▶ _What you will do_
Your task is to copy the lines of the data below from the line holding "- Do not let" through the line holding "19日,在長沙后湖啤酒音樂節", inclusive, exactly and with nothing added.

▶ _Excerpted data_
▶

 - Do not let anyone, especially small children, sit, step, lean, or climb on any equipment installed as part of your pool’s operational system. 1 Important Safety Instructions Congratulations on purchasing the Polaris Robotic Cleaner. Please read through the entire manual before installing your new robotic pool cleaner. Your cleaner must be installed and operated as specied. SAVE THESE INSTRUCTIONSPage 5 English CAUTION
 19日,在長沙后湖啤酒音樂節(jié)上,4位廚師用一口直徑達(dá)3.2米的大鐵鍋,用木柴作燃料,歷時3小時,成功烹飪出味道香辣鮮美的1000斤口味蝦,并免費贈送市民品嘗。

◀
▶

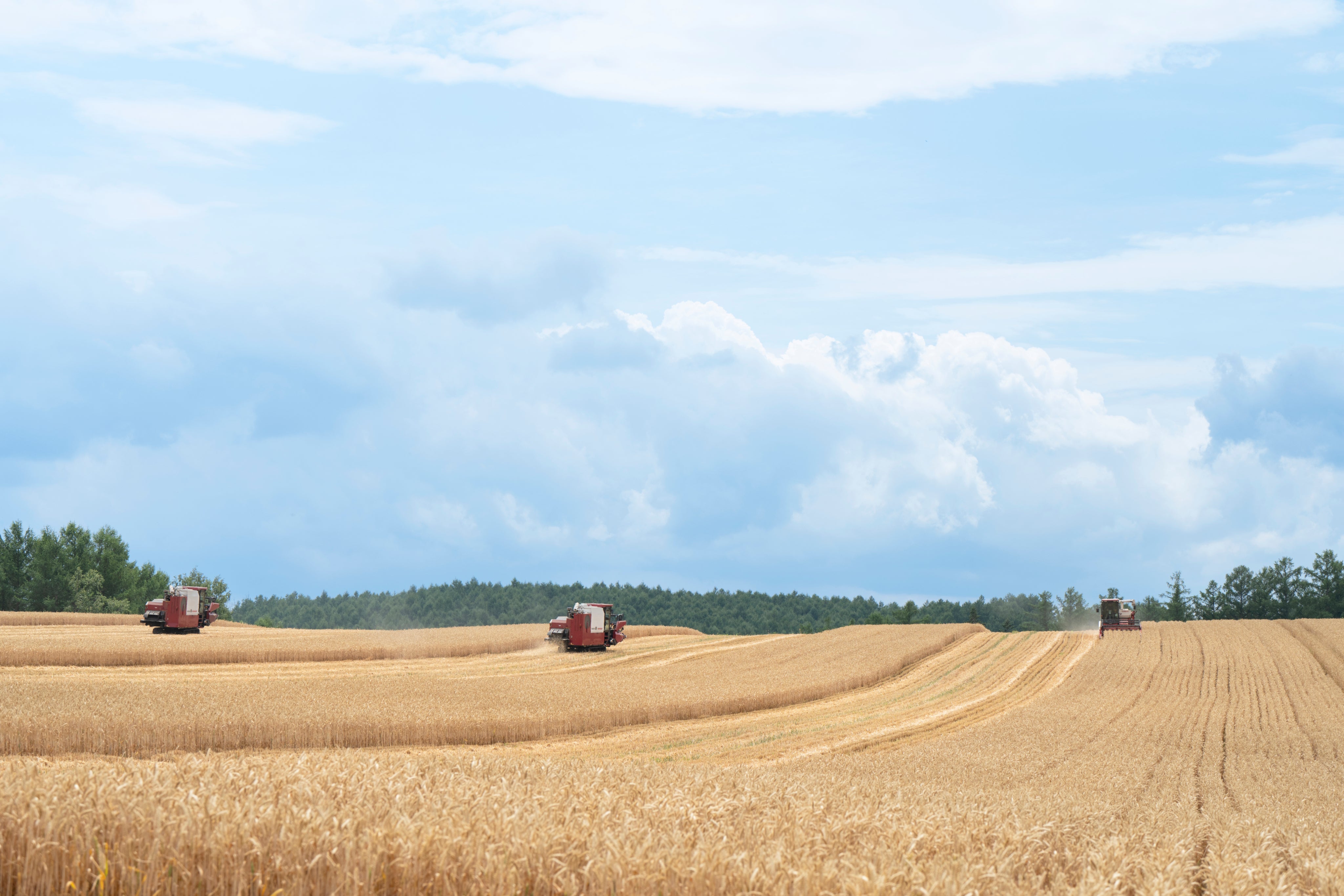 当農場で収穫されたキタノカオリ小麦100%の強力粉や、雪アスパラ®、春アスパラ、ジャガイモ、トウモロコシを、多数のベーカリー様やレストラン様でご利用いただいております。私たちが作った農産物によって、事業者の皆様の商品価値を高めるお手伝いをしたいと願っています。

◀
▶

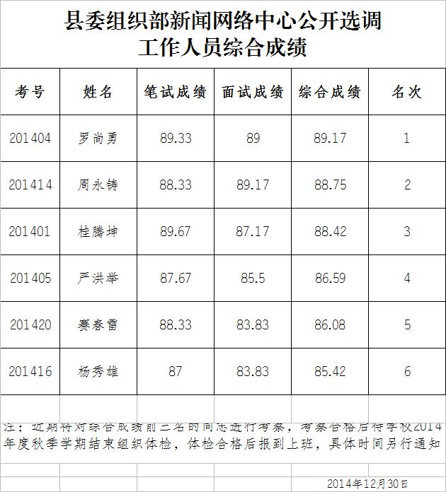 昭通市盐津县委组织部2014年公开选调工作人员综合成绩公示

◀

▶ _Response for this exercise_
 - Do not let anyone, especially small children, sit, step, lean, or climb on any equipment installed as part of your pool’s operational system. 1 Important Safety Instructions Congratulations on purchasing the Polaris Robotic Cleaner. Please read through the entire manual before installing your new robotic pool cleaner. Your cleaner must be installed and operated as specied. SAVE THESE INSTRUCTIONSPage 5 English CAUTION
 19日,在長沙后湖啤酒音樂節(jié)上,4位廚師用一口直徑達(dá)3.2米的大鐵鍋,用木柴作燃料,歷時3小時,成功烹飪出味道香辣鮮美的1000斤口味蝦,并免費贈送市民品嘗。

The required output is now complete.